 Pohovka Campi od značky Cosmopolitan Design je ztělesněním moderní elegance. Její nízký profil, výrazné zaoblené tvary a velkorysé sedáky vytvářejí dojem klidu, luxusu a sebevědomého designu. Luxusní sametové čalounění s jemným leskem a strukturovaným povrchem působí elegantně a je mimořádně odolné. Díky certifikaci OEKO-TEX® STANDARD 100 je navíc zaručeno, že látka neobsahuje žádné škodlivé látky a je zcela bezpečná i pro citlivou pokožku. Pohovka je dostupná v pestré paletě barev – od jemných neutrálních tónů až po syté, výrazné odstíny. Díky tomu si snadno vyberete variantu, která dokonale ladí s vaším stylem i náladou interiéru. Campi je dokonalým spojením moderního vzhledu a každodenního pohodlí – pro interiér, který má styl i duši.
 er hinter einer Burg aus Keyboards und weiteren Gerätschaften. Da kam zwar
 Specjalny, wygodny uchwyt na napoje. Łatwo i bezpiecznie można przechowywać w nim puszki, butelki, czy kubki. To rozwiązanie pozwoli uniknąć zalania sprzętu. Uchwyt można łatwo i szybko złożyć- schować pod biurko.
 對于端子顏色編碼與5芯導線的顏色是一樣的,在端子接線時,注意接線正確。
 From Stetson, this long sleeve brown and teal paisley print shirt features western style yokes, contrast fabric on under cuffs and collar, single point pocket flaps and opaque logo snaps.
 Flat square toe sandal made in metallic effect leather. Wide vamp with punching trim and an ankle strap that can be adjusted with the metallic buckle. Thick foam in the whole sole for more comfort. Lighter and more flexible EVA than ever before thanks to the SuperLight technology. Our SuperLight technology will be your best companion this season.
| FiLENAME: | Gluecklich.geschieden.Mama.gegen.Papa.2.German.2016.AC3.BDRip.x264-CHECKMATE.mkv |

_ _ _ _ _

Which lines of the data include "this"? Copy each of them.

• _Exercise response_
 From Stetson, this long sleeve brown and teal paisley print shirt features western style yokes, contrast fabric on under cuffs and collar, single point pocket flaps and opaque logo snaps.
 Flat square toe sandal made in metallic effect leather. Wide vamp with punching trim and an ankle strap that can be adjusted with the metallic buckle. Thick foam in the whole sole for more comfort. Lighter and more flexible EVA than ever before thanks to the SuperLight technology. Our SuperLight technology will be your best companion this season.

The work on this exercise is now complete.